Начался дождь. Капли забарабанили по стеклу и, собравшись в радостный поток, падали через желобок крыши. Горну нравился дождь, его вселенский умиротворяющей шум. Такой же, который он создавал тысячи лет в каком нибудь Вавилоне. Кроме того, соседские дети, которые играли в баскетбол, разрывавшие ход его мыслей, уходили домой. Особенно раздражала маленькая девчонка, с её резкими выкриками и уникальным смехом голодной гиены, и постоянное безалаберное поведение, по поводу которого родители всегда читали ей мораль.
– Долорес! Сколько раз тебе повторять! Не говори с посторонними, и никогда не подходи близко к проезжим машинам, ясно?!
“Ведь появилась же такая на свет из того нереста сперматозоидов, и сумела застолбить себе участочек в «земле молока и меда». Случайность, отличившая её от 7 миллиардов других мурашек человейника. ”
Запах крахмала стал еще гуще. Микроволновка пискнула. Горн открыл дверцу, вытащил из неё картофелину, пощупал её пальцами на мягкость, разрезал на две половинки, и добавил к ней на тарелке две сваренные сосиски из кастрюли. Он стал медленно есть, макая кусочки в смесь кетчупа и горчицы, и смотря через прозрачную дверь на внутренний дворик. Там, за дверью, на земле сидела горлица; нахохлившись, и уставившись бусинками глаз куда–то вперед. Видно пережидала дождь.
Горн подумал, что он мог бы её взять внутрь, и даже дать ей картошки и хлебных крошек. Но ведь испугается, улетит. «Ну и сиди под дождем, глупая птица». В принципе ему было безразлично, улетит эта птица куда-нибудь или нет. Ведь есть миллионы других таких–же птиц и, накорми он сейчас вот эту случайную птицу или нет, это ничего не изменит как ни для всего вида горлиц, так и для всех «людей разумных».
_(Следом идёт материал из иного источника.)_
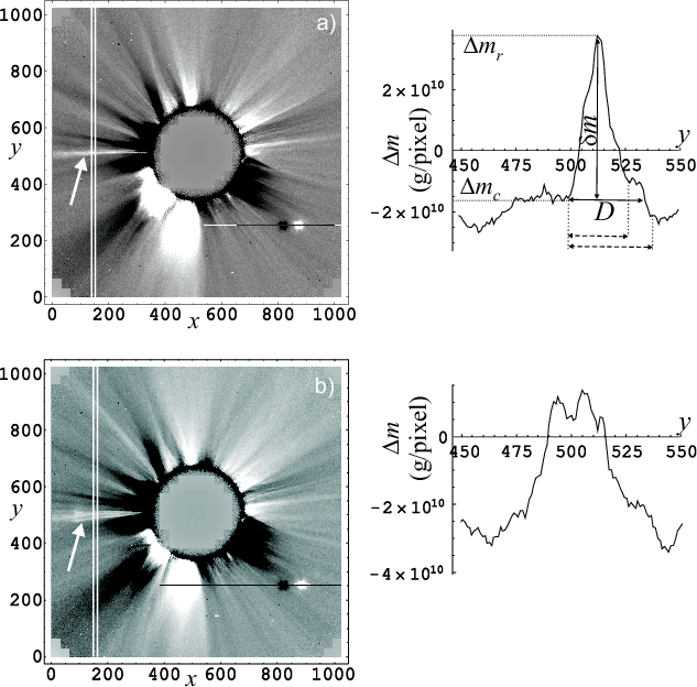 a) Simple post-CME ray (9 January 2002 at 06:06 UT); b) complex ray consisting of three radial substructures (9 January 2002 at 02:30 UT). The ray is marked by white arrow. The scale of the LASCO-C2 images is given in pixels (1 pixel corresponds to 11.9 arcsec). The column-mass profiles measured along the bin marked by white lines are shown in the right-hand panels (abscissa scale in pixels). Estimates of the ray width, D, and column-mass excess, |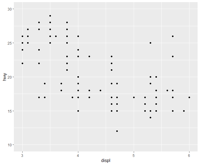 ggplot(data=mpg, aes(x=displ, y=hwy)) + geom_point()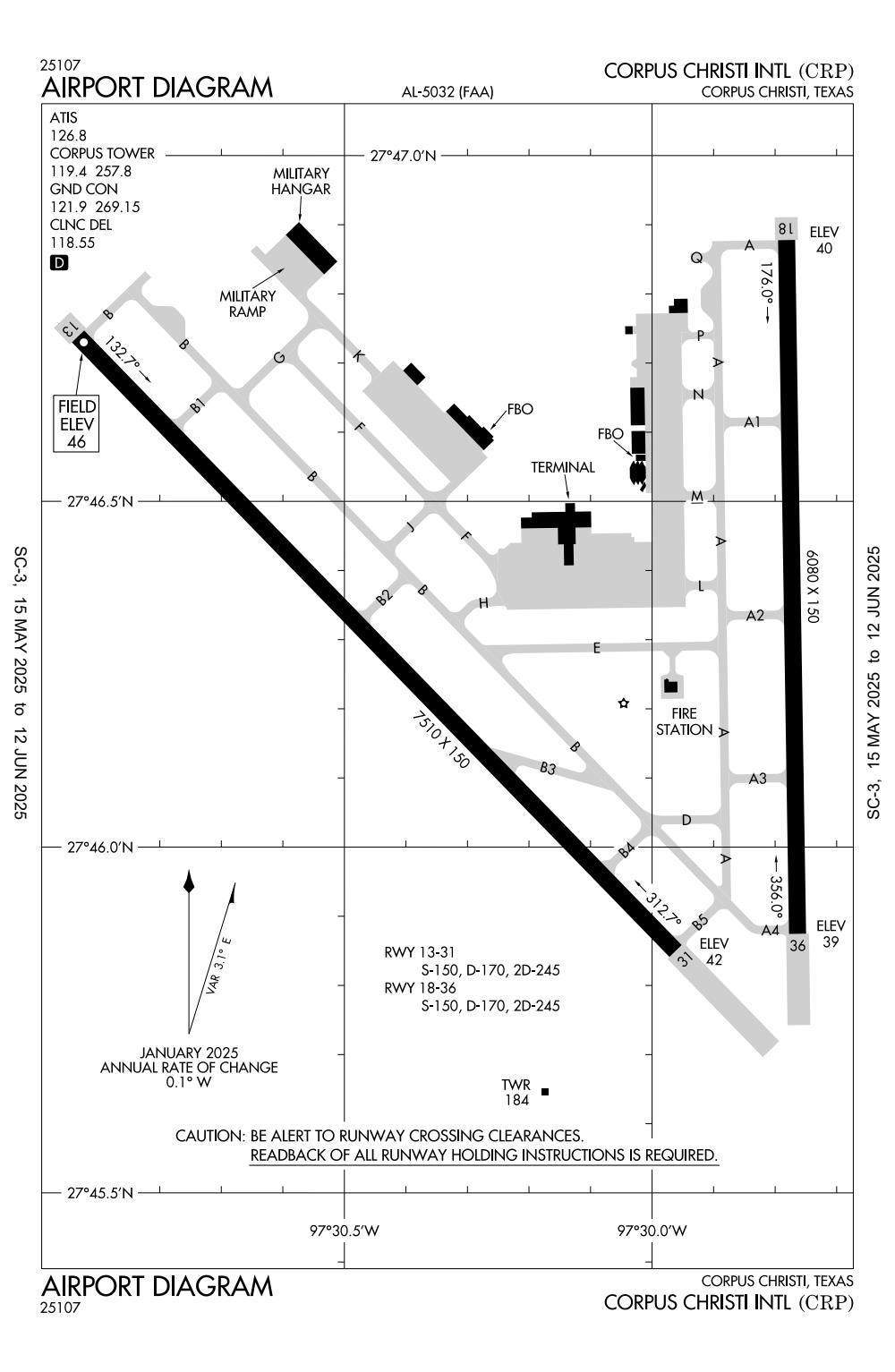 ICAO - KCRP, IATA - CRP, FAA ID - CRP

Мысль перебежала на недавнюю прогулку, совершаемую по знакомым улицам. Горн остановился на перекрестке у светофора, где какой–то бомж попросил у него милостыню. Бомж был молодым, от силы лет тридцати. Волосы пепельного цвета, грязноватая борода, засаленная одежда. Видно давно не мылся. Но глаза трезвые, не затуманенные наркотическим бредом.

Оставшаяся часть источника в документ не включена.